В сопровождение нам дали двоих автоматчиков. 5 октября на машине мы поехали выполнять задание. Ехали мы лесистой местностью. Ночью услышали автоматные очереди. Фары у нас были выключены. Наши водители научились в ночное время обходиться без них. Мы остановились, вышли из машины и стали слушать. Вдруг в нескольких метрах раздался окрик: «Стой, стрелять буду!» Это были трое красноармейцев, находившихся в авангарде роты охраны. Командир роты нам доложил, что они прикрывают отход остатков 30-й армии. Мы распорядились, чтобы они здесь не задерживались и отходили, ввиду возможного полного окружения.

Мы поехали назад. Стрельбы больше было не слышно. Эта лесная дорога была отмечена на нашей карте. Начало рассветать. Двигаясь точно на восток, мы въехали в какую-то лесную деревушку. Не доезжая до нее, мы остановились и послали одного своего бойца в разведку. Оказалось, что здесь уже были немцы и, долго не задерживаясь, отправились в сторону Москвы. Таким образом, мы оказались в тылу противника.

В одном месте наша машина застряла в болотистой низине. В соседней деревне мы попросили лошадей или быков для того, чтобы вытащить забуксовавшую машину. Нам дали двух коров, благодаря которым машина выбралась из ямы.
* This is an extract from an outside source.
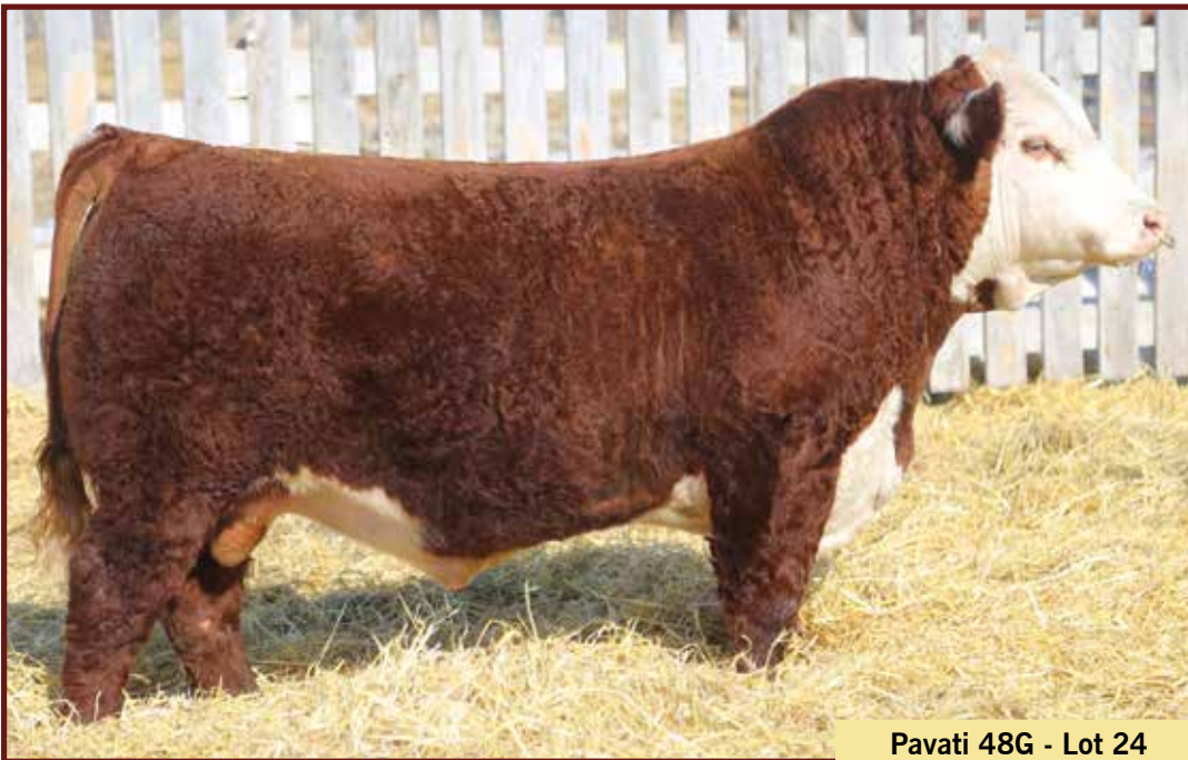
Pavati 48G - Lot 24

Red Zone is stout made, high performing and easy doing with huge nuts. He is a bull that puts a lot of good together in one package. His mother has been a tremendous producer. He was Reserve Senior Bull Calf last fall at CWA.

Что самое удивительное, мы не встретили вражеских частей. Мы уже были в Подмосковье. В одном из населенных пунктов меня неожиданно окликнули. Обернувшись, я увидел своего старого друга генерал-лейтенанта Богданова. Впоследствии он стал первым командующим Резервным фронтом.

Мы остановились в одном из домов. После того как мы умылись, хозяйка дома, пожилая женщина, покормила нас.

— Эх, сейчас бы по рюмочке, — хитро посмотрел на меня Богданов.

— У меня пусто, — ответил я.

— Зато у меня есть, — сказал боевой товарищ и вытащил откуда-то полбутылки спирта.

Выпили мы по паре рюмок и заснули как убитые. Наутро двинулись дальше на восток. Как оказалось, КП фронта находился уже в населенном пункте Перхушково, недалеко от Москвы.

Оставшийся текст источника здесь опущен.